[What is required]:
Everything below from the line with "This is a heavy, durable" through the line with "In X100 PAD2, select Immobilizer->Ford->China" must be retyped exactly, except the pictures.

[Dataset records]:
* * *

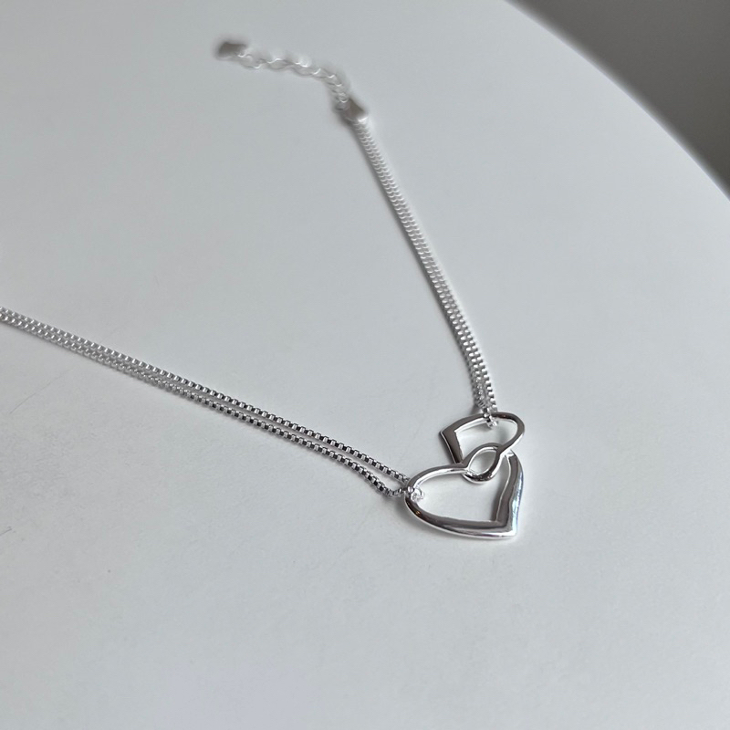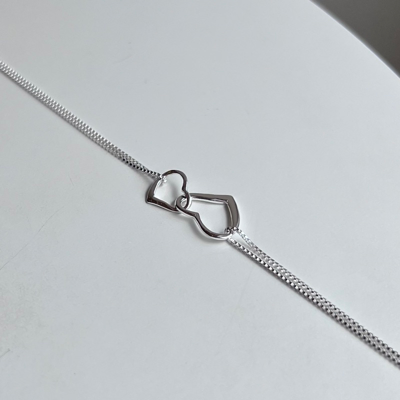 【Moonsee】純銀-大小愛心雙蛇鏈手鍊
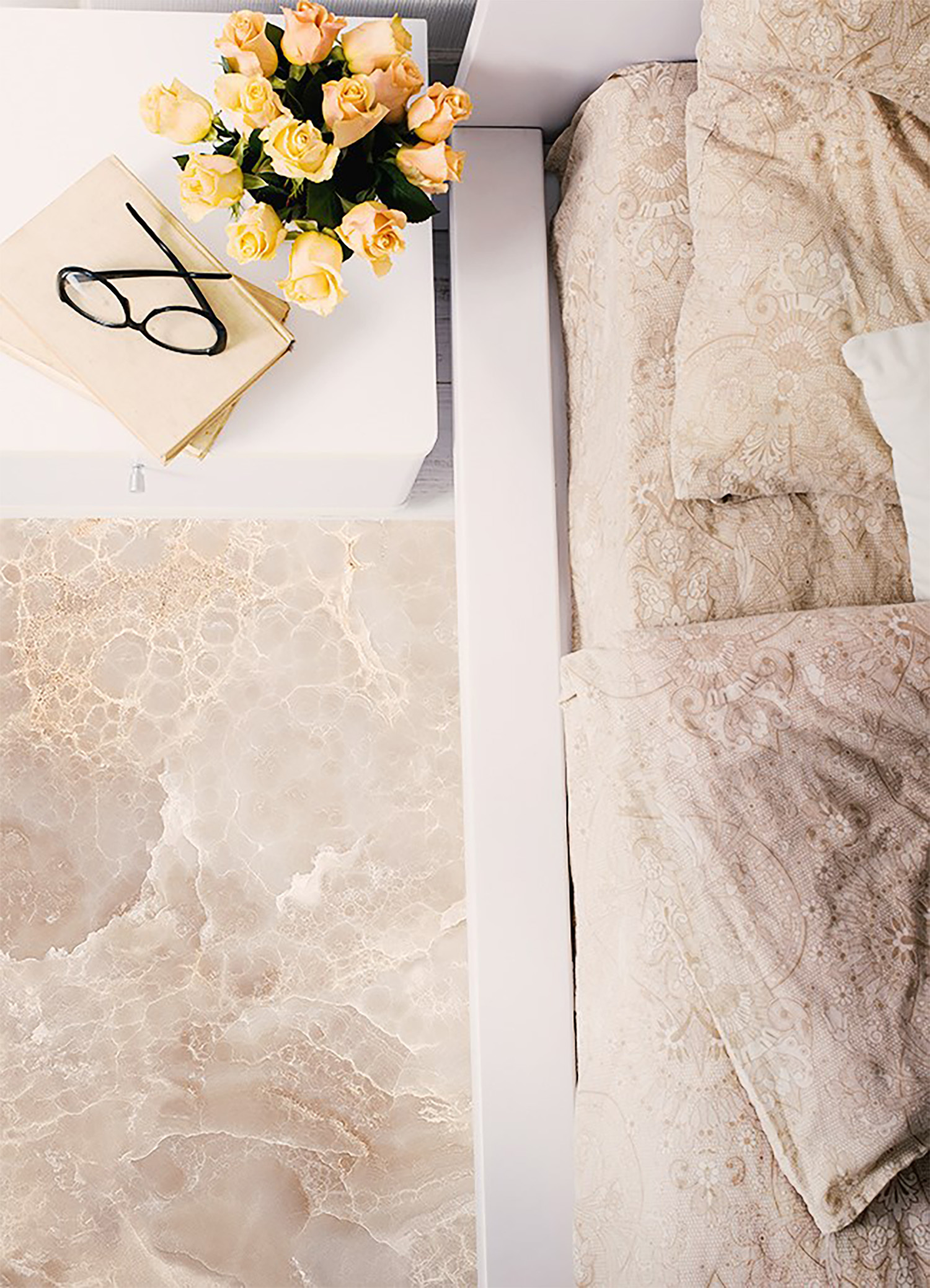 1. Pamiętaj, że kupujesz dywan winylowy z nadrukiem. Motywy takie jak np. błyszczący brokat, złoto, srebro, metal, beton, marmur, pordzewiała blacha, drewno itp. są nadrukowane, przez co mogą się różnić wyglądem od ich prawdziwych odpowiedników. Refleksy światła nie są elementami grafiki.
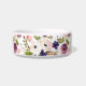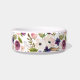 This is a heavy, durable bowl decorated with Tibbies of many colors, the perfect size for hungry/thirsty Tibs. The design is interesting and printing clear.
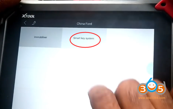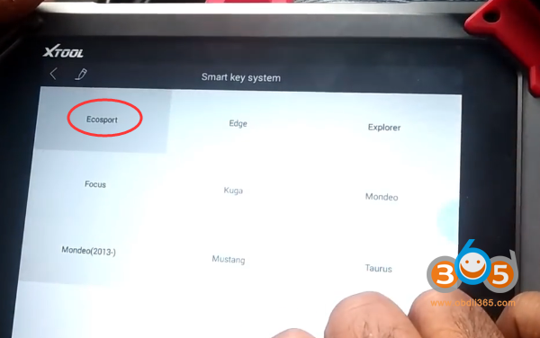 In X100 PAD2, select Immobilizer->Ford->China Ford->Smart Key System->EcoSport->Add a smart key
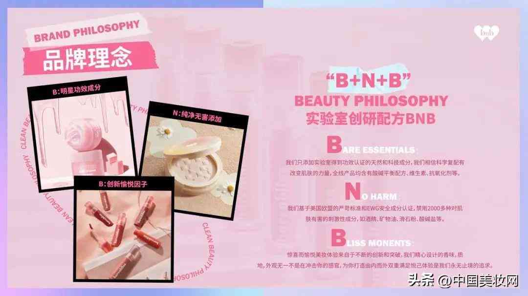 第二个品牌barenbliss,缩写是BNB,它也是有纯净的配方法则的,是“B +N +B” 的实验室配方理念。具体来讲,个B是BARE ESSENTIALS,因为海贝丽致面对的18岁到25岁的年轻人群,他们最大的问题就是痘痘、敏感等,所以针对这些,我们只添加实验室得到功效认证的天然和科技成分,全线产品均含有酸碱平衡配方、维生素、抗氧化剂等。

* * *

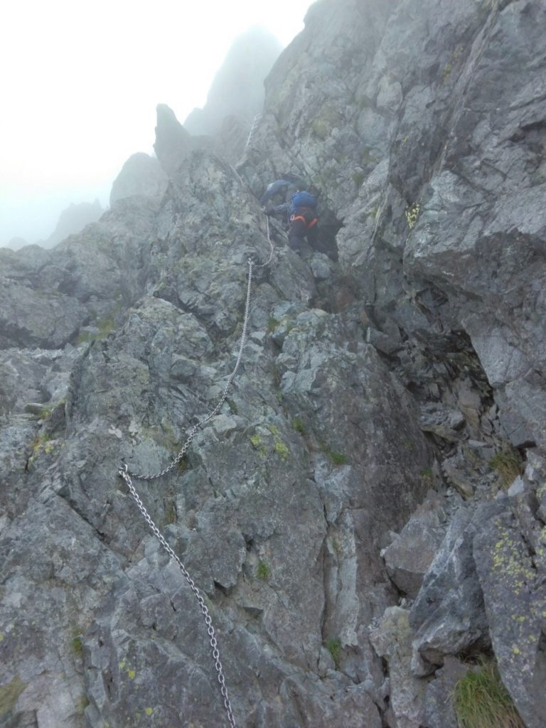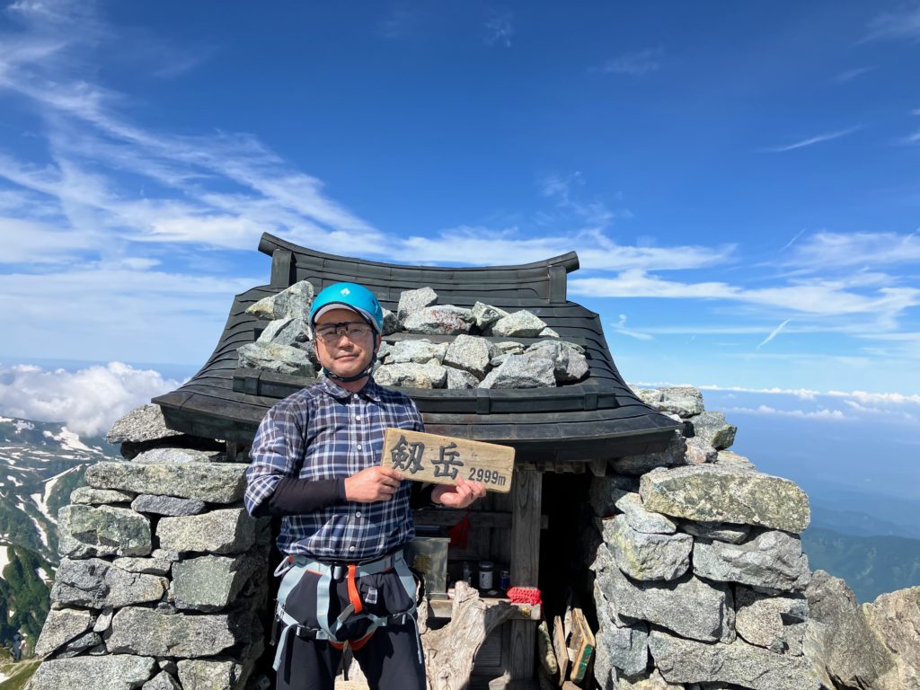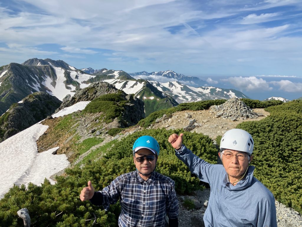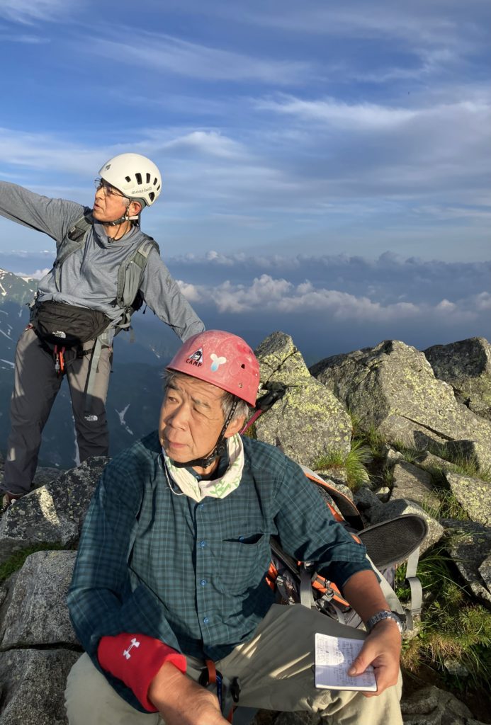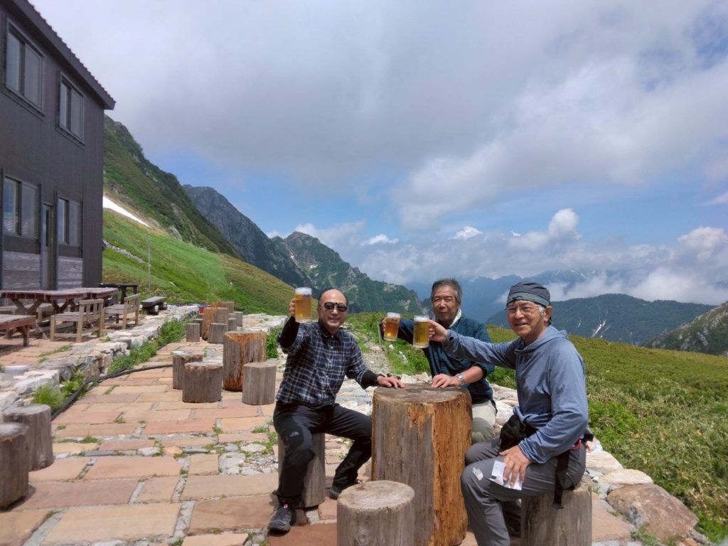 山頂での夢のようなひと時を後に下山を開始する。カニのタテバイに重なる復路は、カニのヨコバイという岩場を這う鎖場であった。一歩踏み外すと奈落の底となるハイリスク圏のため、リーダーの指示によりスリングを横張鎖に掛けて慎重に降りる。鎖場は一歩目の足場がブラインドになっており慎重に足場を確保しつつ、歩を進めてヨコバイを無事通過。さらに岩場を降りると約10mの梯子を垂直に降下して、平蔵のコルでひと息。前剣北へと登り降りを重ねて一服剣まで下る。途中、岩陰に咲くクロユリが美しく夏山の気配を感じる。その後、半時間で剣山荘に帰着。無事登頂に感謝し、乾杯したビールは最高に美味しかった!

* * *

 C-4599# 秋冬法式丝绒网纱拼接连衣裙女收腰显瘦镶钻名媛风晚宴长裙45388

* * *

[Exercise solution]:
 This is a heavy, durable bowl decorated with Tibbies of many colors, the perfect size for hungry/thirsty Tibs. The design is interesting and printing clear.
 In X100 PAD2, select Immobilizer->Ford->China Ford->Smart Key System->EcoSport->Add a smart key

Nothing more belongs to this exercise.